Well, I think this must be the slowest enclosure build in history!! Anyway, this is where I am up to. All rendered and well and truly dried out and have started to paint. Had some of the kids paint which I thinned out slightly with some water. Going to go buy a litre or two more of black plus some white and brown to try and match the tree with the branches. Lol wish me luck. Hopefully it won't be months and months before my next update. 


Sent from my iPhone using Tapatalk


----------



## Zeusy (Feb 16, 2014)

Hopefully pics work this time 


Sent from my iPhone using Tapatalk


----------



## tahnia666 (Feb 17, 2014)

Looking awesome 

Sent from my HTC Velocity 4G using Tapatalk


----------



## Zeusy (Apr 11, 2014)

So this is where I'm up to so far. Just sealing it all up then build a frame for the glass, wire it up, put in the glass and done. 

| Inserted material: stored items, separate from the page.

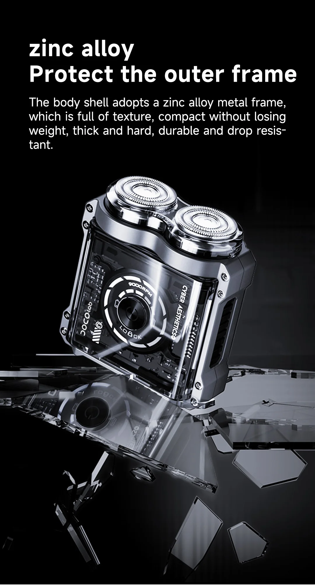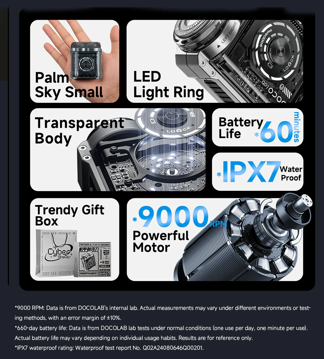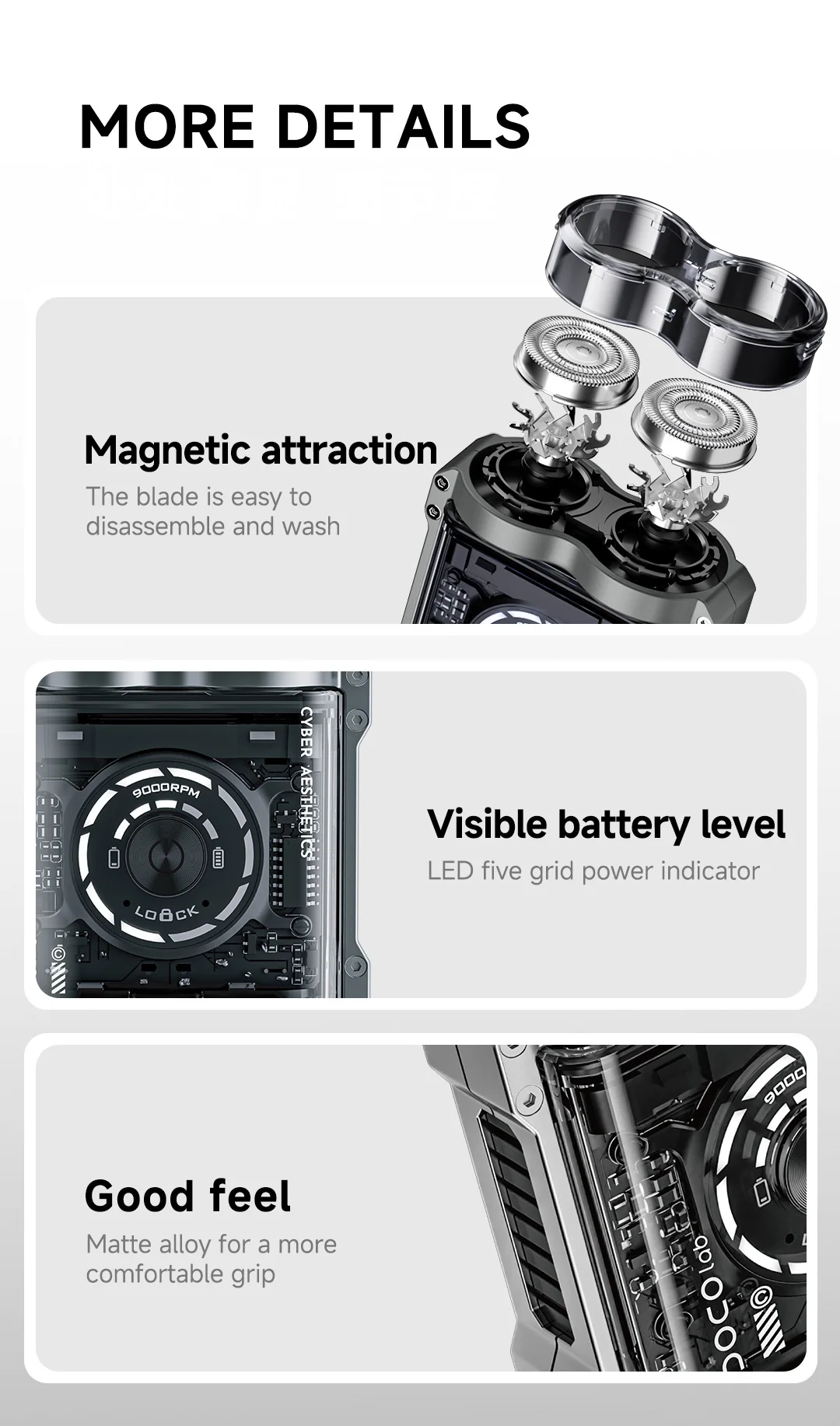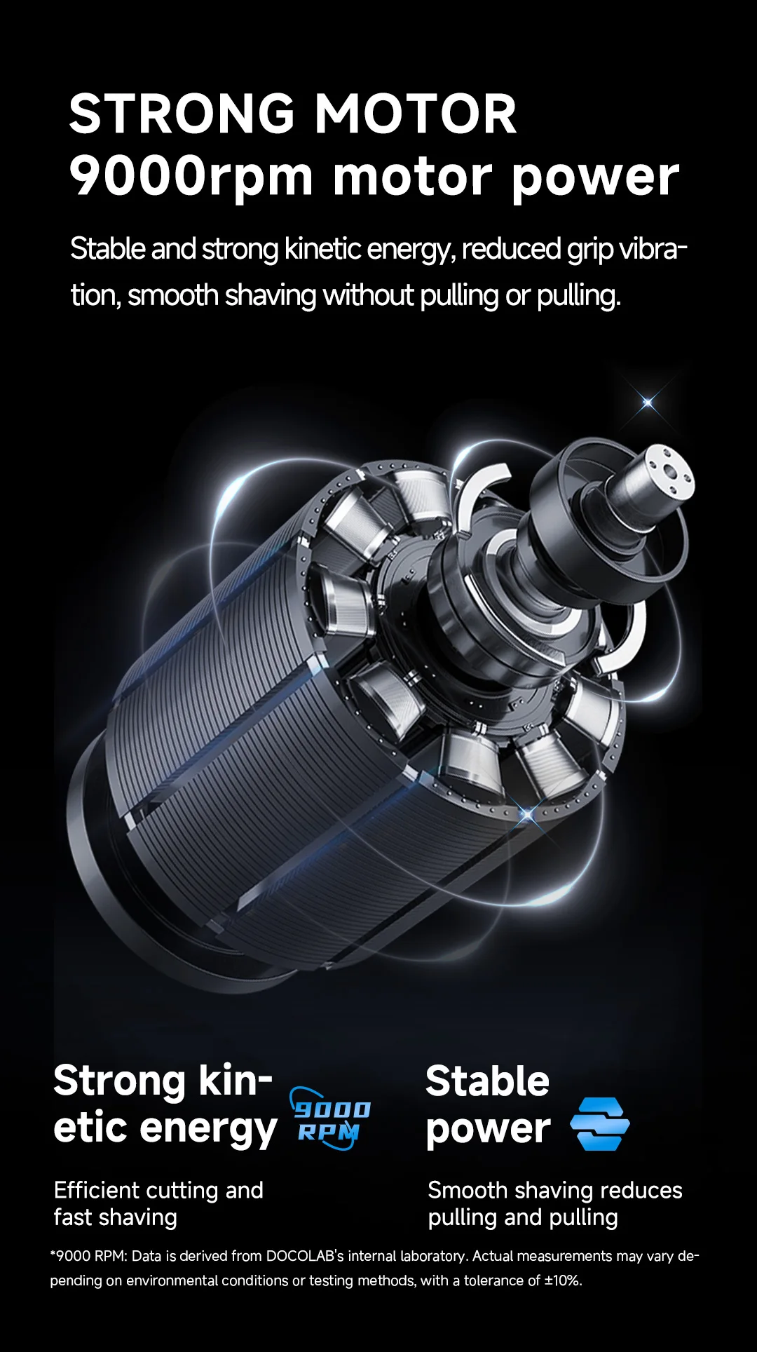 5. 9000 revolutions per minute, stable and strong kinetic energy, reduced grip vibration, smooth shaving without pulling, capable of shaving thick and hard beards.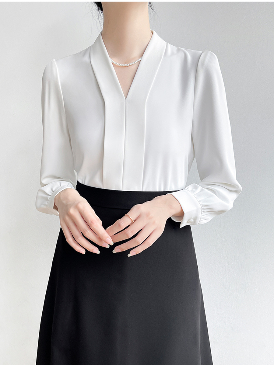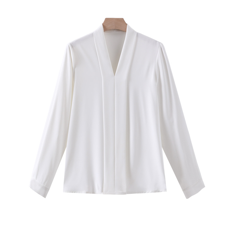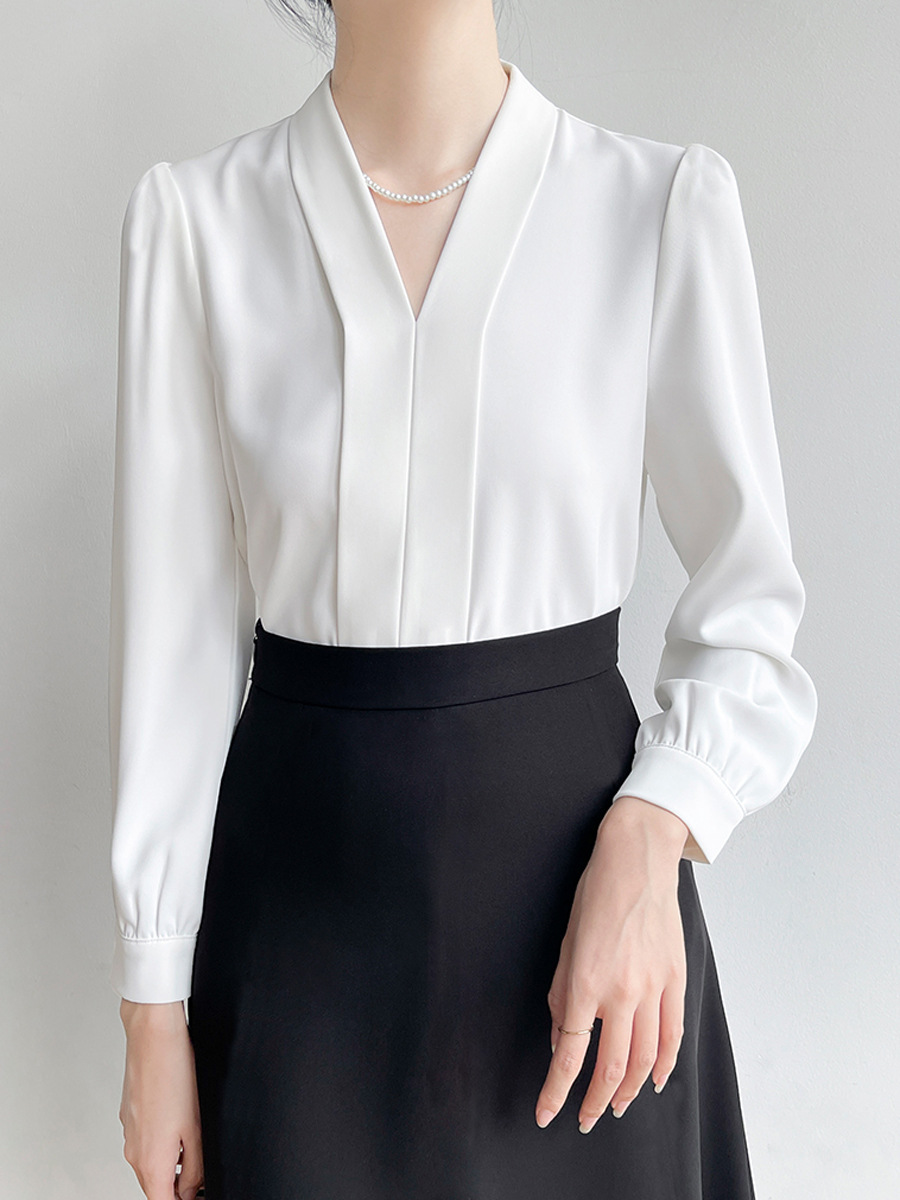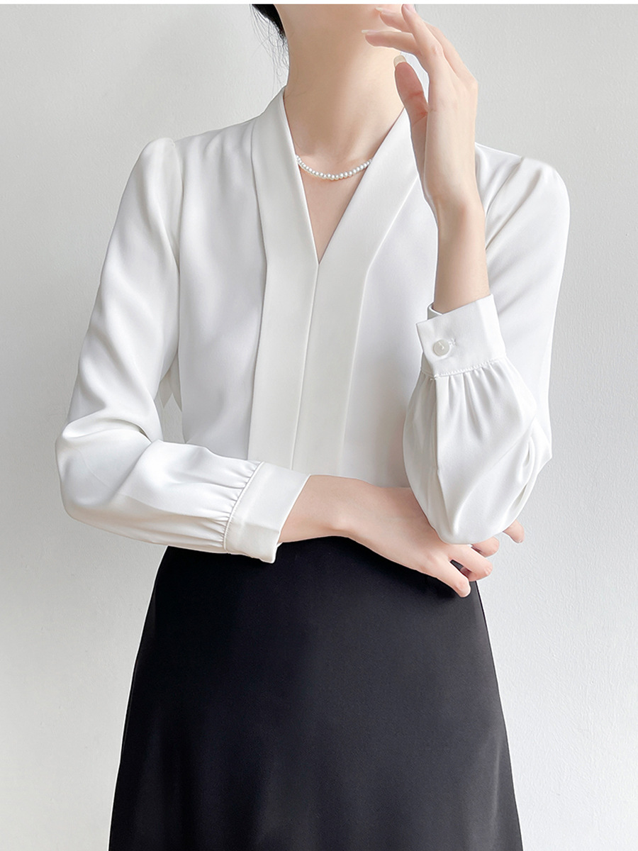 Женская блузка CS160 больших размеров для профессиональных собеседований, с длинным рукавом, из шифона, с глубоким V-образным вырезом, для полных женщин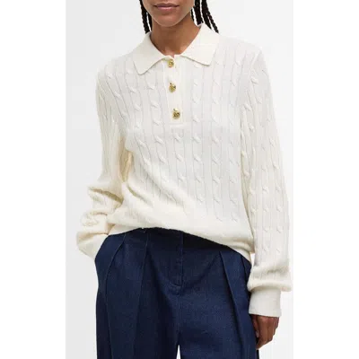 Evie Cable Stitch Polo Sweater In White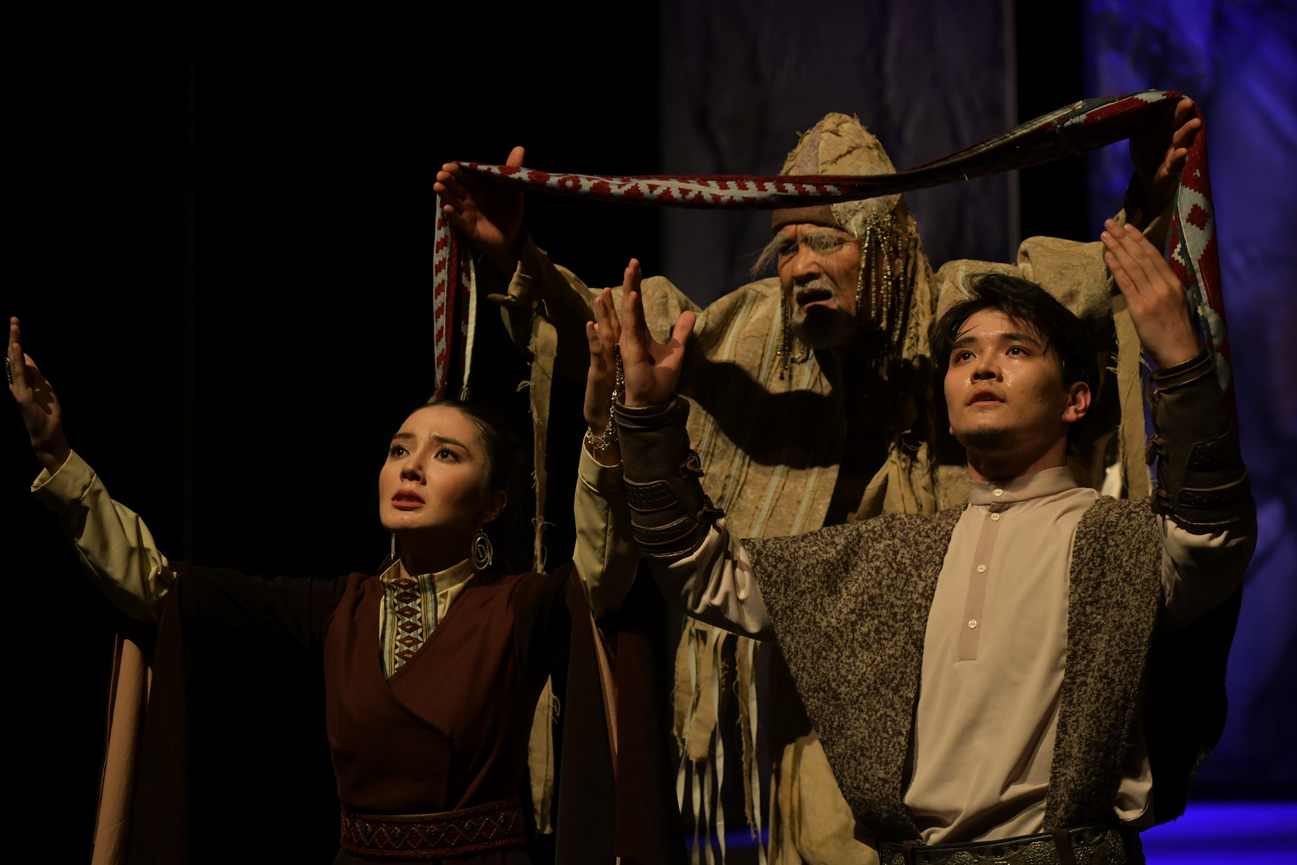 An excerpt from a modern staging of “Enlik–Kebek” at the Mukhtar Auezov Kazakh National Drama Theatre. Photo credit: auezov-theatre.kz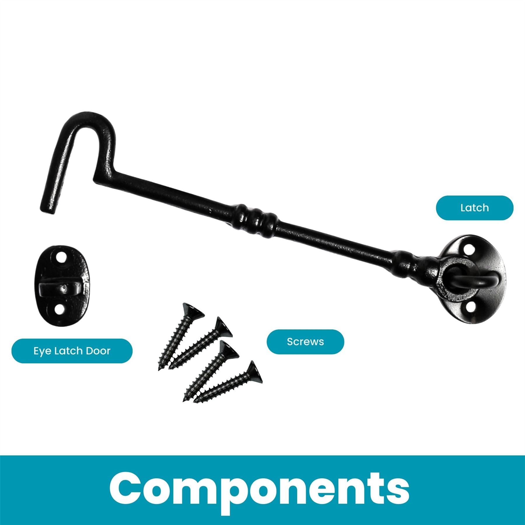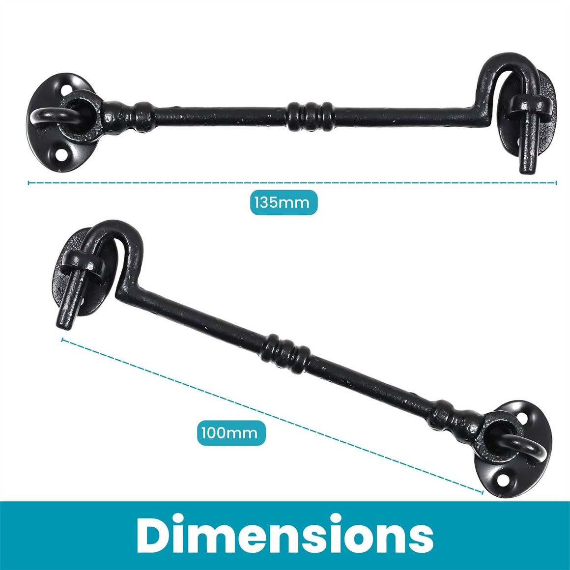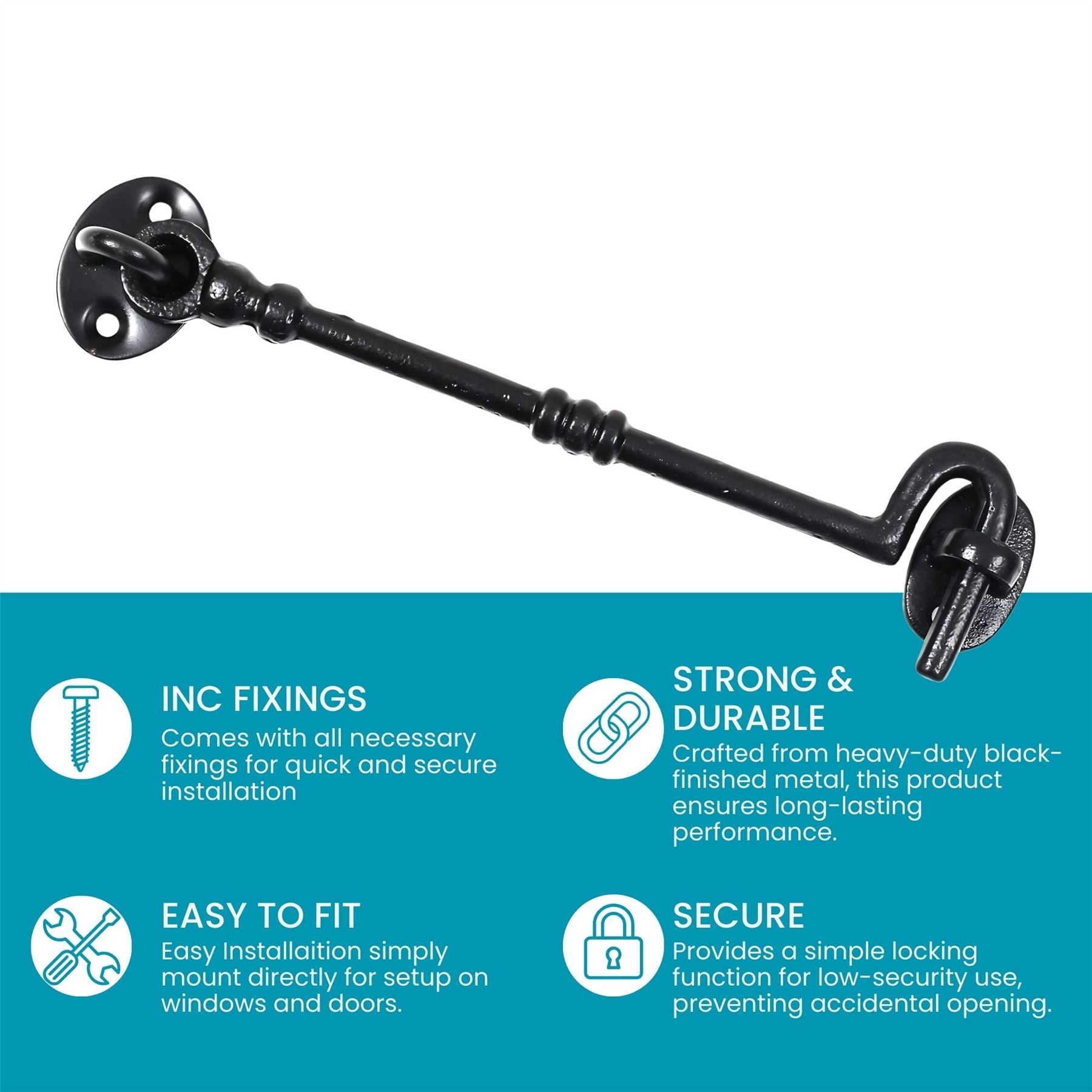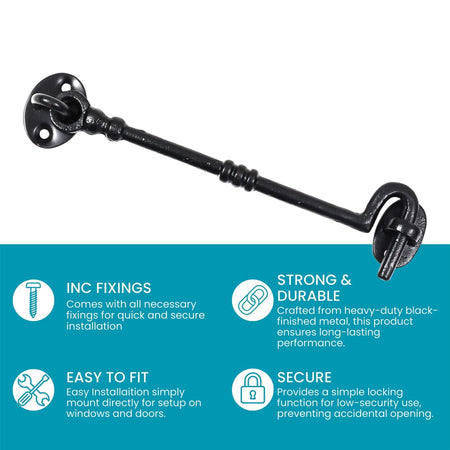 SECURE DESIGN - Features a hook and eye mechanism that ensures reliable latching and unlatching for everyday use. This robust design provides a secure closure, keeping doors, gates, and other fixtures firmly in place. Ideal for frequent use, it offers both ease of operation and peace of mind, ensuring dependable security over time.
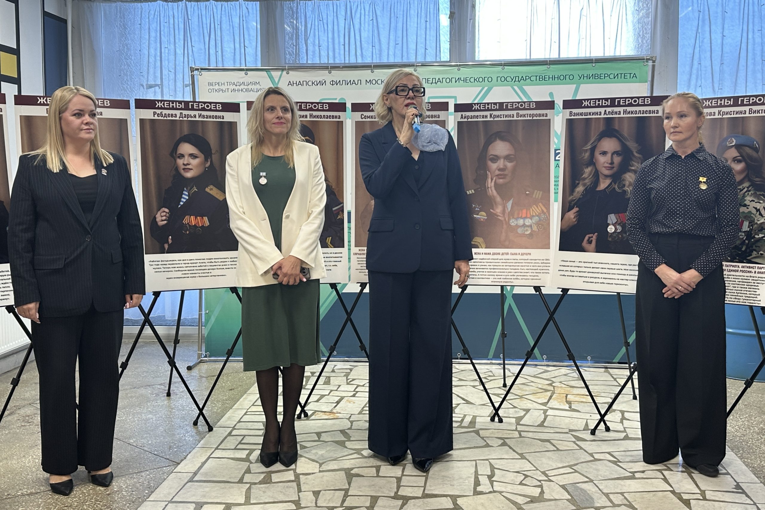 В торжественной церемонии открытия приняли участие директор Анапского филиала МПГУ, заместитель председателя Совета Анапы Елена Некрасова, руководитель проекта Евгения Беляева, жёны героев Ася Иванова и Елена Прекрасная, студенты и преподаватели филиала.

Sent from my iPhone using Tapatalk


----------



## AUSHERP (Apr 11, 2014)

Looking good buddy, its always more satifsying (frustrating) building your own. 
Whats going in there when you are done?


----------



## Zeusy (Apr 12, 2014)

An atherton jungle. The stain turned out darker than I wanted so the whole cabinet is quite dark inside but plenty of greenery should liven it up. 


Sent from my iPhone using Tapatalk


----------



## Zeusy (May 2, 2014)

All it needs now is glass and test run the heating. 
This has taken close to a year to build so no one could possibly say I rushed this build. Lol


Sent from my iPhone using Tapatalk


----------